■ **PROVIDED MATERIAL**:
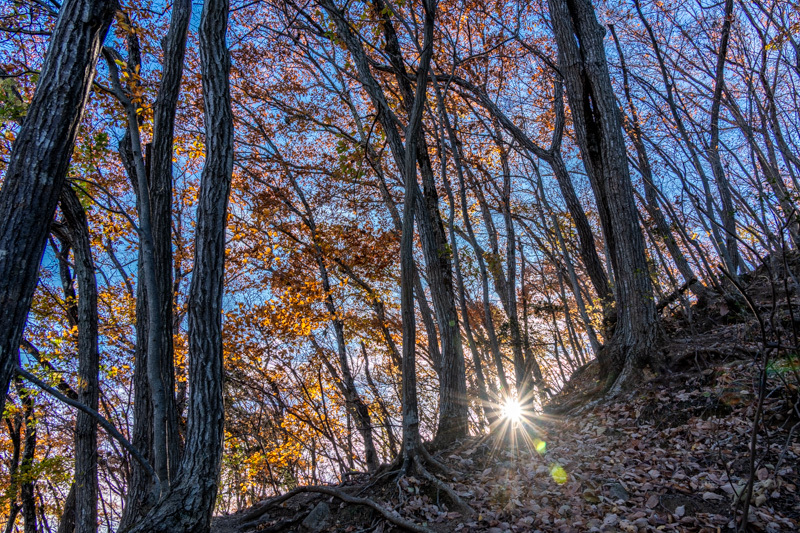 やっと尾根から陽が出始めたのは8時30分頃、その朝陽が落ち葉のトレイルを輝かせてくれる
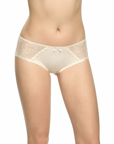 Женские трусики-шортики. Низкая посадка. Сочетание хлопковой ткани и кружева. Кружевные вставки на полочке. По талии обработка эластиком с фестонным краем сверху, декор в виде атласного бантика. Состав: 93%хлопок 7%эластан, вставка: 90%полиамид 10%эластан
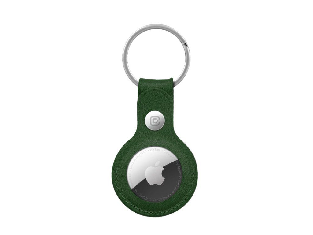 Crong Leather Case with Key Ring – Ochranné kožené pouzdro s klíčenkou pro Apple AirTag 1/2 (zelené)
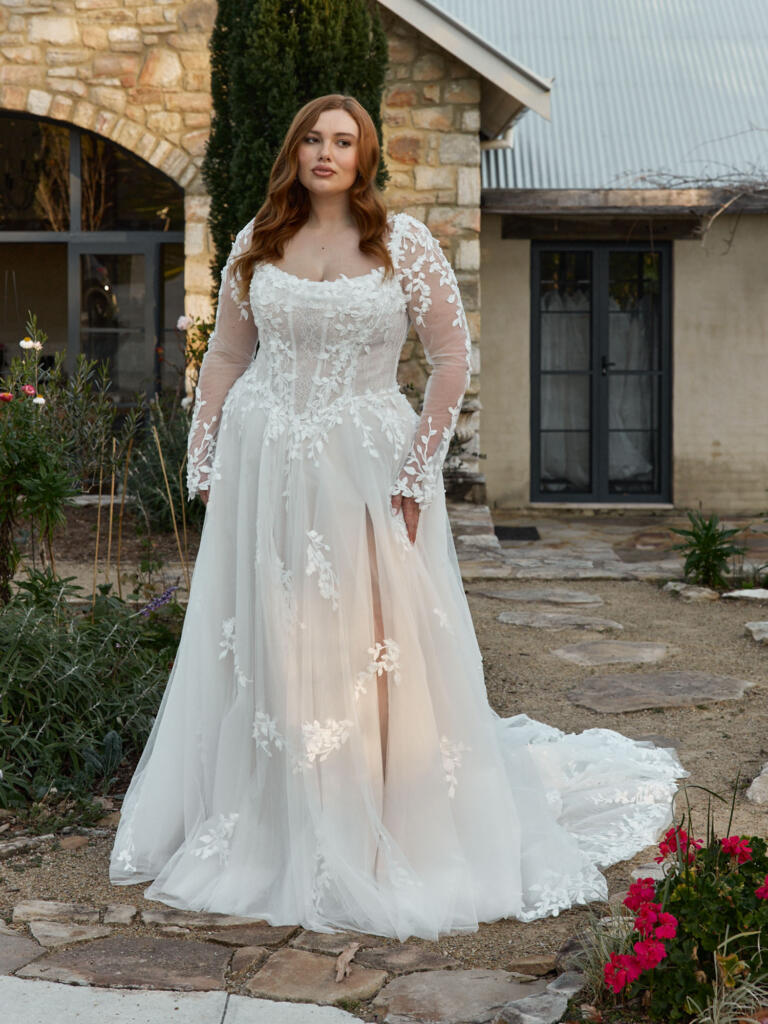 Style the dress with the detachable sleeves for versatility, and an additional look on your wedding day.
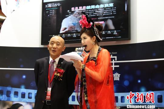 图为陕西省旅游局董汉青处长在《遇见西安》微电影首映典礼,与民众互动 记者 冽玮 摄
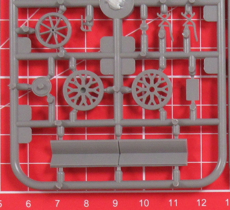 Die Speichenräder entstehen aus jeweils drei Teilen. Das Oberdeck ist auch gut nachgebildet. Das passende Werkzeug gibt einzeln dazu. Hier muss man nicht ein Relief bemalen. Toll gemacht! Leider haben die Scheinwerfer kein Glas.
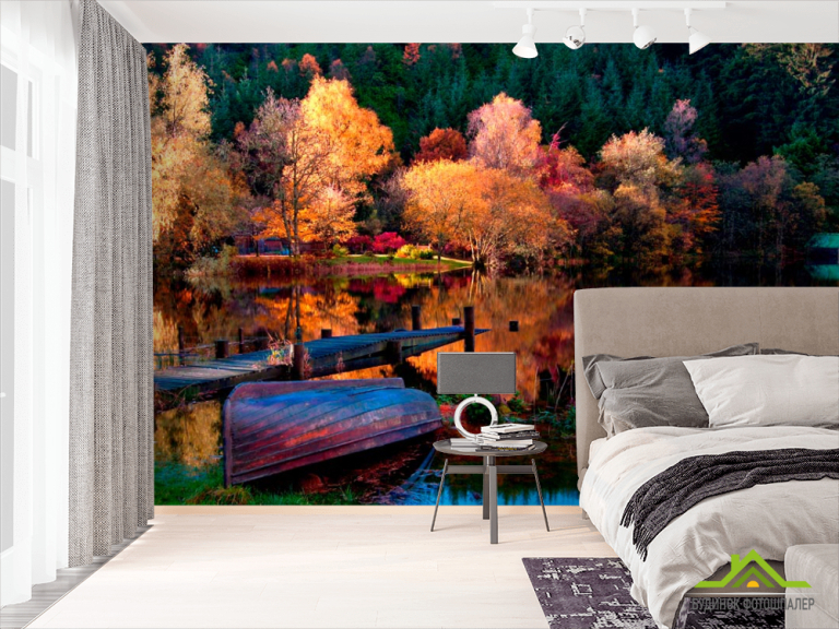 Фотошпалери Під осінь, човен Фотошпалери Під осінь, човен
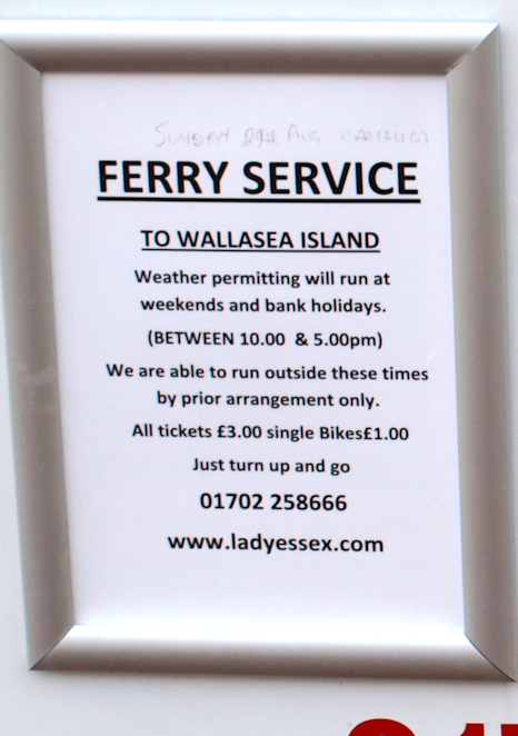 There is a summer ferry service from Burnham-on-Crouch to Wallasea Island. I sit on a bench outside a pub, waiting. There were revellers here last night, but all is quiet now. It is just after nine in the morning; an early start because we stayed overnight in a hotel in this town. It is of little benefit to be here early – I have already telephoned to check the passage times and was told the captain hadn’t arrived yet. The ferry doesn’t start running until ten o’clock.

■ **WHAT YOU ARE ASKED TO DO**:
Above are the records. Copy only the lines from the one with "Женские трусики-шортики. Низкая" through the one with "Style the dress", exactly, with no pictures.

■ **RESULT BELOW**:
 Женские трусики-шортики. Низкая посадка. Сочетание хлопковой ткани и кружева. Кружевные вставки на полочке. По талии обработка эластиком с фестонным краем сверху, декор в виде атласного бантика. Состав: 93%хлопок 7%эластан, вставка: 90%полиамид 10%эластан
 Crong Leather Case with Key Ring – Ochranné kožené pouzdro s klíčenkou pro Apple AirTag 1/2 (zelené)
 Style the dress with the detachable sleeves for versatility, and an additional look on your wedding day.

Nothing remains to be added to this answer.